[Dataset extract — start]
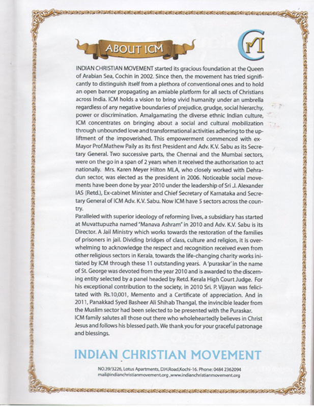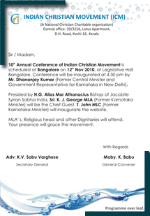The main vision of Indian Christian Movement is to unite the different factions of Christian community to a common goal of love each other.
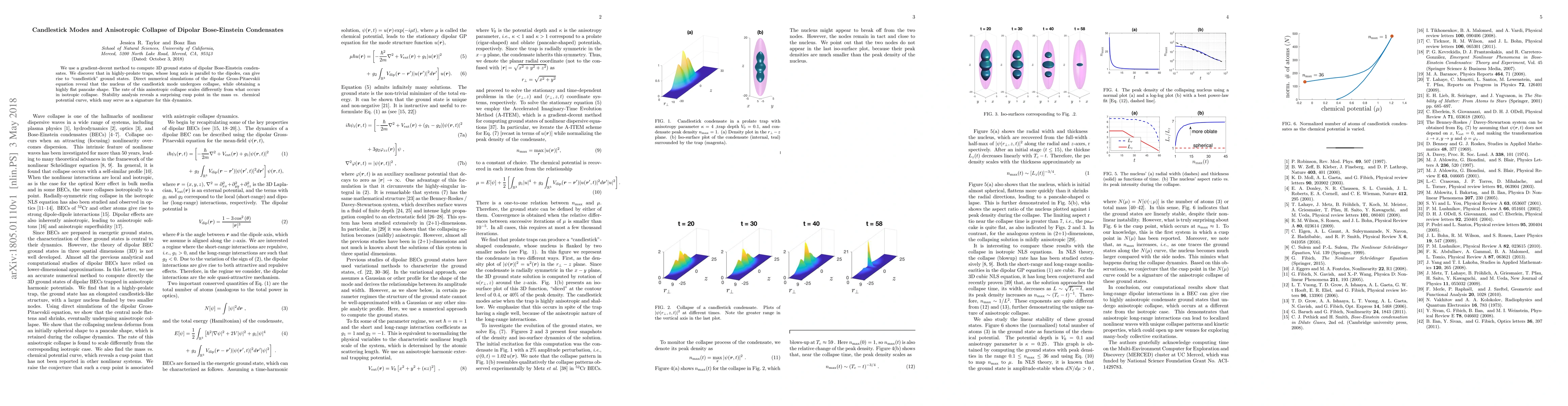 We use a gradient-decent method to compute 3D ground states of dipolar Bose-Einstein conden- sates. We discover that in highly-prolate traps, whose long axis is parallel to the dipoles, can give rise to candlestick ground states. Direct numerical simulations of the dipolar Gross-Pitaevskii equation reveal that the nucleus of the candlestick mode undergoes collapse, while obtaining a highly flat pancake shape. The rate of this anisotropic collapse scales differently from what occurs in isotropic collapse. Stability analysis reveals a surprising cusp point in the mass vs. chemical potential curve, which may serve as a signature for this dynamics.
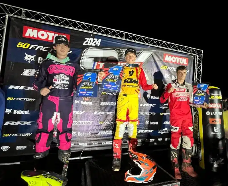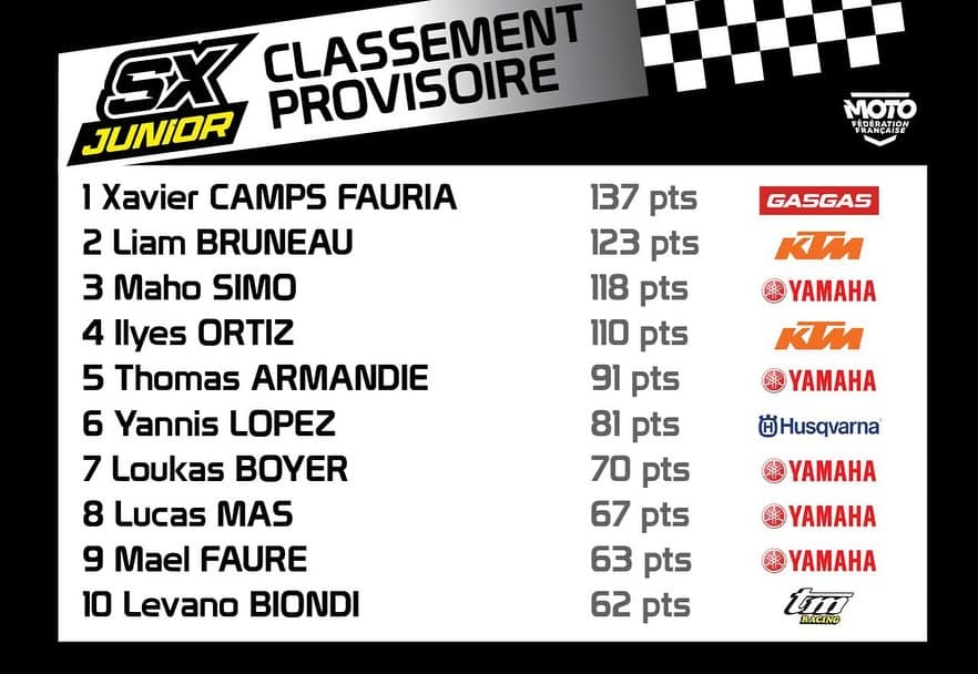C’est donc Liam Bruneau qui l’emporte avec son 3/1, devant Yannis Lopez (1/3) et Xavi Camps (2/4). Maho Simo et Ilyes Ortiz, tous les deux sur le podium à Lizac, complètent le top 5 de cette troisième épreuve du SX Tour Junior. Au championnat, Xavi Camps reste devant avec 137 points, Liam Bruneau récupérant la deuxième place avec quatorze points de retard sur le leader devant Maho Simon, cinq points derrière.
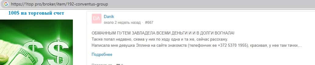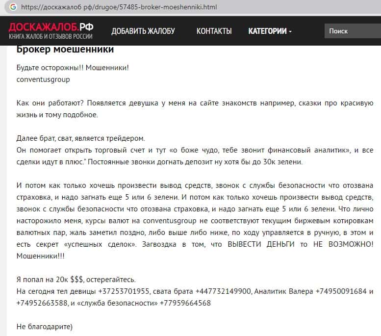 - Негативный опыт одного из брокеров после сотрудничества с аферистами ConventusGroup
[Dataset extract — finish]
- Task statement -
Retype the entire listing exactly as it appears, dropping only the pictures.

- Result of this task -
The main vision of Indian Christian Movement is to unite the different factions of Christian community to a common goal of love each other.
 We use a gradient-decent method to compute 3D ground states of dipolar Bose-Einstein conden- sates. We discover that in highly-prolate traps, whose long axis is parallel to the dipoles, can give rise to candlestick ground states. Direct numerical simulations of the dipolar Gross-Pitaevskii equation reveal that the nucleus of the candlestick mode undergoes collapse, while obtaining a highly flat pancake shape. The rate of this anisotropic collapse scales differently from what occurs in isotropic collapse. Stability analysis reveals a surprising cusp point in the mass vs. chemical potential curve, which may serve as a signature for this dynamics.
C’est donc Liam Bruneau qui l’emporte avec son 3/1, devant Yannis Lopez (1/3) et Xavi Camps (2/4). Maho Simo et Ilyes Ortiz, tous les deux sur le podium à Lizac, complètent le top 5 de cette troisième épreuve du SX Tour Junior. Au championnat, Xavi Camps reste devant avec 137 points, Liam Bruneau récupérant la deuxième place avec quatorze points de retard sur le leader devant Maho Simon, cinq points derrière.
 - Негативный опыт одного из брокеров после сотрудничества с аферистами ConventusGroup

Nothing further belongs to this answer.